→ WORK INSTRUCTION
What you return must be the full data, repeated verbatim, with no pictures in it.

═══

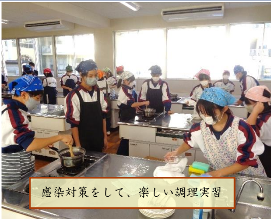
感染対策をして、楽しい調理実習

一方、朝ランのない火・木曜日は、第61回県下中学校交歓笠間市駅伝大会(1/14)に向けて、駅伝練習を行っています。それぞれの設定タイムに従ってタイム走を行っています。先に走り終えた選手から「ファイター」の声が次々とかけられます。陸上競技は個人競技であるけれども団体競技でもあると言われる所以です。一人では乗り越えられない困難もみんなと一緒に超えられる。頑張れ、友二中生！
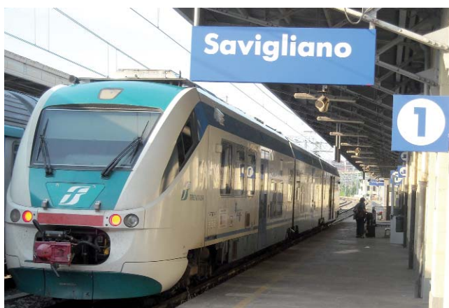
Il nostro viaggio sulla linea Savigliano-Saluzzo A pagina 2
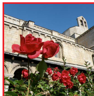
Catedral de Sant Maria de la Seu d'Urgell.
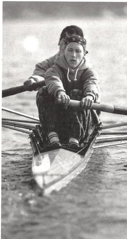
Prima dell'imbarcazione di punta ...

gazzi per un totale di 74 000 lezioni. Oggi, questa cifra, è praticamente raddoppiata: 122 000 unità d'insegnamento, 700 ragazze e 3000 ragazzi. Uno sviluppo fulminante, che però non può incrementarsi per logici problemi di materiale.
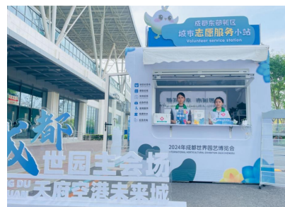
2024成都世园会城市志愿服务小站。

此外，共青团成都市委还将依托30个城市志愿服务小站，积极开展“青春志愿”系列志愿服务，并通过“青聚锦官城”志愿平台对外发布项目，组织动员青年广泛参与“人人都是志愿者”“当好东道主、热情迎嘉宾、建好幸福城”的志愿者服务活动。
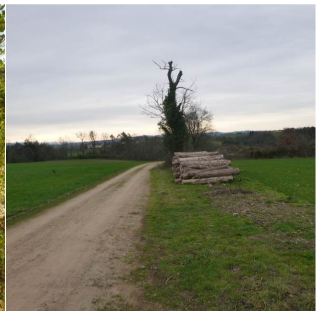
Vue de la limite de propriété Est
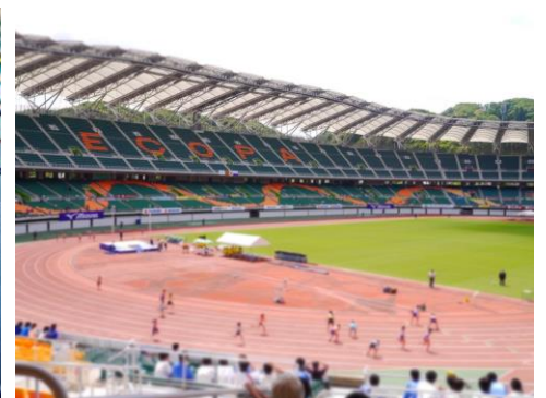
日本有数の大きな競技場エコパスタジアム
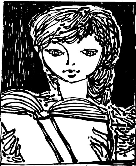
AZ OLVASÁS MEGSZÉPÍTI ÉLETÉT

A könyvtár és az olvasás iránti figyelemfelkeltés esetében is tudatosan kell alkalmaznunk a szokatlant, az újszerűt. De meggondoltan bánjunk ezzel az eszközzel. Az újszerű és szokatlan módszerek konkrét megjelenési formáit a propaganda-eszközöket készítő könyvtáros maga választja ki. Általános érvényű tapasztalat, hogy a látszólagos diszharmonia, a túlzás, a ritkán előforduló forma stb. szintén az újszerűség benyomását kelti. A szokatlan azonban a különböző olvasórétegek más-képpen reagálnak. Az átlagemberben a teljesen új és szokatlan zavart kelt, esetleg kellemetlen hatást vált ki, viszont például az intellektuális beállítottságú ember ugyanezt örömmel fogadja. Ezért nem árt az óvatosság.

═══

→ OUTPUT FOR THIS TASK
感染対策をして、楽しい調理実習

一方、朝ランのない火・木曜日は、第61回県下中学校交歓笠間市駅伝大会(1/14)に向けて、駅伝練習を行っています。それぞれの設定タイムに従ってタイム走を行っています。先に走り終えた選手から「ファイター」の声が次々とかけられます。陸上競技は個人競技であるけれども団体競技でもあると言われる所以です。一人では乗り越えられない困難もみんなと一緒に超えられる。頑張れ、友二中生！
Il nostro viaggio sulla linea Savigliano-Saluzzo A pagina 2
Catedral de Sant Maria de la Seu d'Urgell.
Prima dell'imbarcazione di punta ...

gazzi per un totale di 74 000 lezioni. Oggi, questa cifra, è praticamente raddoppiata: 122 000 unità d'insegnamento, 700 ragazze e 3000 ragazzi. Uno sviluppo fulminante, che però non può incrementarsi per logici problemi di materiale.
2024成都世园会城市志愿服务小站。

此外，共青团成都市委还将依托30个城市志愿服务小站，积极开展“青春志愿”系列志愿服务，并通过“青聚锦官城”志愿平台对外发布项目，组织动员青年广泛参与“人人都是志愿者”“当好东道主、热情迎嘉宾、建好幸福城”的志愿者服务活动。
Vue de la limite de propriété Est
日本有数の大きな競技場エコパスタジアム
AZ OLVASÁS MEGSZÉPÍTI ÉLETÉT

A könyvtár és az olvasás iránti figyelemfelkeltés esetében is tudatosan kell alkalmaznunk a szokatlant, az újszerűt. De meggondoltan bánjunk ezzel az eszközzel. Az újszerű és szokatlan módszerek konkrét megjelenési formáit a propaganda-eszközöket készítő könyvtáros maga választja ki. Általános érvényű tapasztalat, hogy a látszólagos diszharmonia, a túlzás, a ritkán előforduló forma stb. szintén az újszerűség benyomását kelti. A szokatlan azonban a különböző olvasórétegek más-képpen reagálnak. Az átlagemberben a teljesen új és szokatlan zavart kelt, esetleg kellemetlen hatást vált ki, viszont például az intellektuális beállítottságú ember ugyanezt örömmel fogadja. Ezért nem árt az óvatosság.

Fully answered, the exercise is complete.